Also on the Turkish side, a group of about 200 activists marched toward the border with Syria on Saturday, chanting slogans in support of the Kurdish fighters in Kobani. Turkish troops stopped the group about 50 meters from the border, then fired tear gas to push them away from the frontier.

 

Swift offensives by Islamic State since June have sent shockwaves through the region and prompted the United States and its allies to carry out a series of bombing raids to halt the insurgents' rapid advance.

 

Rami Abdelrahman, who runs the Syrian Observatory for Human Rights, said several hundred people had been killed on both sides since the assault on Kobani started two weeks ago.

 

The rumble of artillery could be heard on both the eastern and western flanks of the town on Saturday but the barrage was less intense than on the previous day, a witness said.

 

Coalition warplanes destroyed one insurgent vehicle and killed five fighters during raids in the countryside to the east and south of Kobani on Friday night, the observatory said.

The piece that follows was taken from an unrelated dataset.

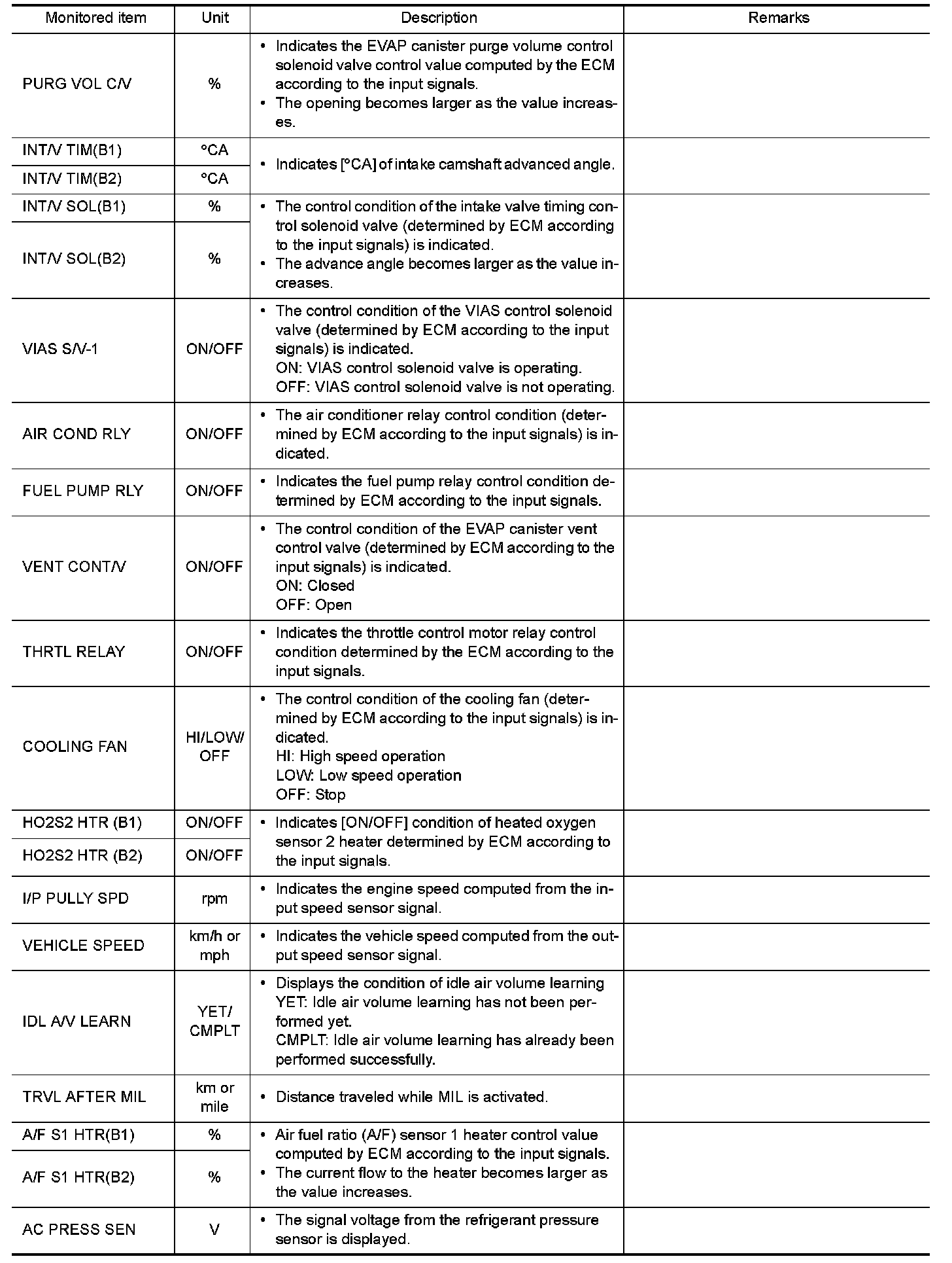 Regarding items of DTC and 1st trip DTC, Testing and Inspection.

Ten Kurdish fighters were also killed in heavy fighting that carried on long into the night.

 

Angry Erdogan

Turkey has so far taken a back-seat in the fight against Islamic State, who until last month held 46 Turks as hostages.

 

But their release and a decision by parliament to renew a mandate allowing Turkish troops to intervene in Syria and Iraq has raised the prospect of a more active role by Turkey.

 

Erdogan on Saturday warned against any attack on Turkish soldiers stationed at Suleyman Shah's tomb, a Turkish exclave in Syria now entirely surrounded by Islamic State fighters.

 

"If anything happens there we cannot hesitate, and everything will change," he said.

 

He also reacted angrily to comments made by Biden in which the US vice president said Turkey and other regional countries had been so determined to topple Syrian President Bashar Assad that they had supported extremist groups including al-Qaeda and al-Nusra Front.

 

"If Biden has used such expressions, then Biden is history for me from now on," an irate Erdogan said, demanding an apology.

 

He denied Turkey had given assistance to any hardline militant group or allowed foreign fighters to cross the border.

 

Biden's comments in an address to Harvard University students on Thursday were the strongest yet from a senior US official on Turkey's alleged support for Islamist groups in Syria's three-year-old civil war. Erdogan has repeatedly called for the Assad government to be ousted.

 

"They poured hundreds of millions of dollars and tens of thousands of tons of weapons into anyone who would fight against Assad," Biden said. "Except that the people who were being supplied were al-Nusra and al-Qaeda and the extremist elements of jihadis coming from other parts of the world."